Re: RDF semantics: applications, formalism and education from Drew McDermott on 2001-04-09 (www-rdf-logic@w3.org from April 2001)

From: Drew McDermott <drew.mcdermott@yale.edu>
Date: Mon, 9 Apr 2001 11:14:27 -0400 (EDT)
To: www-rdf-logic@w3.org
Message-Id: <200104091514.LAA03545@pantheon-po01.its.yale.edu>
   [Danny Ayers]
   > The alternatives
   > then are 1. to kill RDF and/or 2. create an altogether new 
   > framework and/or 3. extend RDF to make it do what we want.

   [Peter Crowther]
   I'd add (4) AMend RDFS to make it do what we want.

   > 3. would seem to be the least bad/most likely option - add 
   > functionality in
   > the form of external schemas, if need be gaffer (duct) tape in
   > characteristics from different domains (calculi/algebras 
   > whatever - any volunteers for the Chinese Room?)

   These can only be added if the core is sufficiently expressive and flexible
   to allow them to be added.  Pat, Peter and others seem to be pointing out
   that:  ....

Let me put it this way.  RDF in its original form is a very simple
language, which does not contain negation, disjunction,
quantification, modality, etc.  It is good that there is a simple core
language, because all those features come at a fairly high price.  The
more complex the language the more difficult it is to manipulate it.
(The difficulty increases very rapidly.)  The question is, How do we
get the more complex features when we need them?  There are two basic
answers:

1 View the original RDF, call it RDF_0, as the minimal subset of a
more complex language.  Set up the subsets in some rational way, so
that it's fairly easy for users to know which subset they need.  Adopt
a system of labels so that a given RDF description can be clearly
flagged as requiring subset I.

2 Introduce quotation into the language, and use RDF_0 purely as a
vehicle to describe more complex languages.

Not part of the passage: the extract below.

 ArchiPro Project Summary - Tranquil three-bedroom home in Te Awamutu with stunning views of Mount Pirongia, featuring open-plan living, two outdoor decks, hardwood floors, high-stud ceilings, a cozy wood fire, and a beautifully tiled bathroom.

Perhaps I'm biased, but option 1 seems so obviously to be preferable
that no argument is required.  In fact, I know of no argument in favor
of option 2, only an argument against option 1, which goes as follows:

i. Every RDF expression is equivalent to a conjunction of statements,
that is, "triples," of the form p(a,b), where p is a relation and a
and b are atomic names (URIs, e.g.); furthermore, if e2 occurs as a
subexpression of e1, the triples of e2 are a subset of the triples of
e1. 

ii. Therefore, if you assert an RDF expression you must assert every
element of this conjunction, and hence assert all of its
subexpressions. 

iii. Therefore, it is impossible to add negation or disjunction to the
language, because p is a subexpression of (not p), so asserting (not
p) requires asserting p.

iv. Therefore, there are no nontrivial supersets of RDF_0

In my opinion, this should be viewed as a reductio ad absurdum of
premise (i).  However, instead it is mostly viewed by the RDF
community as a knockdown argument against extending RDF, and
therefore, by default I suppose, in favor of using quotation to
describe some super-RDF in terms of RDF_0.

But Ayers and Crowther, and others, are beginning to grant that
"extending" and "amending" RDF might be a good idea.  In that case, we
need to amend the way triples figure into the language.

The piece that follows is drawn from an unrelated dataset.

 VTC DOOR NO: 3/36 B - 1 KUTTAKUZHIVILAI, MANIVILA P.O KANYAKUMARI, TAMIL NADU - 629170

I think the original motivation for the triples model was to allow
one to follow pointers all over the web without worrying what they
were pointing into.  That is, if a document points to a triple in
another document, I could go there and figure out what that one triple
asserts without having to figure out what its context is.  (Its
context might not even be well defined if different people made use of
it in different ways from different places.)

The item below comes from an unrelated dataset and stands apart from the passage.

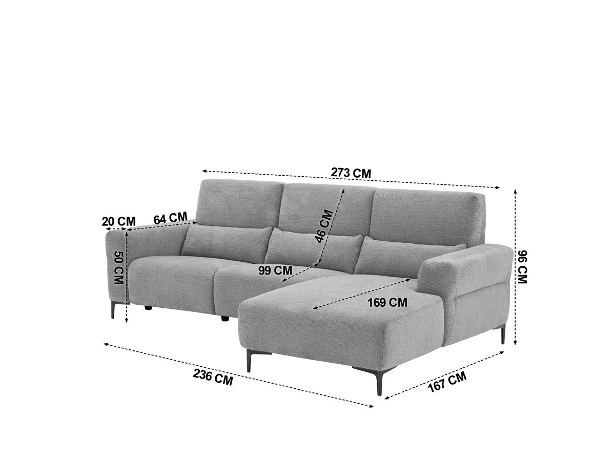 Procura oferecer o máximo conforto e estilo à sua casa? Apresentamos LEANIS Chaise Longue Relax Elétrica Direita Cinza! Com uma estrutura robusta em madeira e revestimento em tecido de alta qualidade, esta chaise longue é a escolha perfeita para relaxar após um longo dia de trabalho. Medindo 273 cm de largura, 96 cm de altura e 167 cm de profundidade, esta chaise longue oferece um amplo espaço para se esticar confortavelmente. Além disso, a sua função elétrica permite ajustar facilmente a posição do encosto e dos apoios para os pés, para encontrar a postura perfeita. Relaxe sem esforço!

Perhaps others could shed some light on whether this is indeed the
underlying motivation for the triples model.  However, I think one can
have pointers all over the place without the triples model.  What we
should have instead is a well defined notion of "expression."  

I'm visualizing something like this:

I set up a web page where I stoutly deny that Francis Bacon wrote
"Hamlet."

(not <a id="foo">(wrote Bacon Hamlet)</a>)

[usual disclaimer about how ridiculously oversimplified this is]

I've thoughtfully provided an anchor point "foo" that others can use
to point to this assertion.

[another disclaimer about how improbable this is as actual XML/RDF]

Now someone else disagrees with me, perhaps by listing all the plays
Francis Bacon wrote:

(and (wrote Bacon Coriolanus)
     <a ref="foo"/>
     (wrote Bacon HeddaGabler))

where he has pointed to the claim about Hamlet rather than copying it.

I don't see any problem with this, provided we have a clear definition
of what counts as a subexpression of formula foo.  In the present
simple-minded example, it has no nontrivial subexpressions, but in
more realistic examples it would be some large entity with pointers
off to other places.  That's okay, provided we can in principle
follow all those pointers, retrieve the subexpressions they refer to,
and build a coherent expression that is what the person must be
claiming if he includes a pointer to foo in one of his formulas.

Of course we can run into problems, where someone writes something like

  <a id="ying">(not <a ref="yang">)</a>
  <a id="yang">(not <a ref="ying">)</a>
   
If we try to resolve this into a coherent expression, we get 

   (not (not (not (not .....))))

But the fact that some apparent pointers can't be resolved
doesn't kill the idea of pointing to subexpressions.  We just
stipulate that there are no cycles in the pointer graph.  

Note that we can still have triples if we want; we just do away with
the idea that an expression is *equivalent* to the triples from all
its subexpressions.

                                             -- Drew McDermott
Received on Monday, 9 April 2001 11:14:47 UTC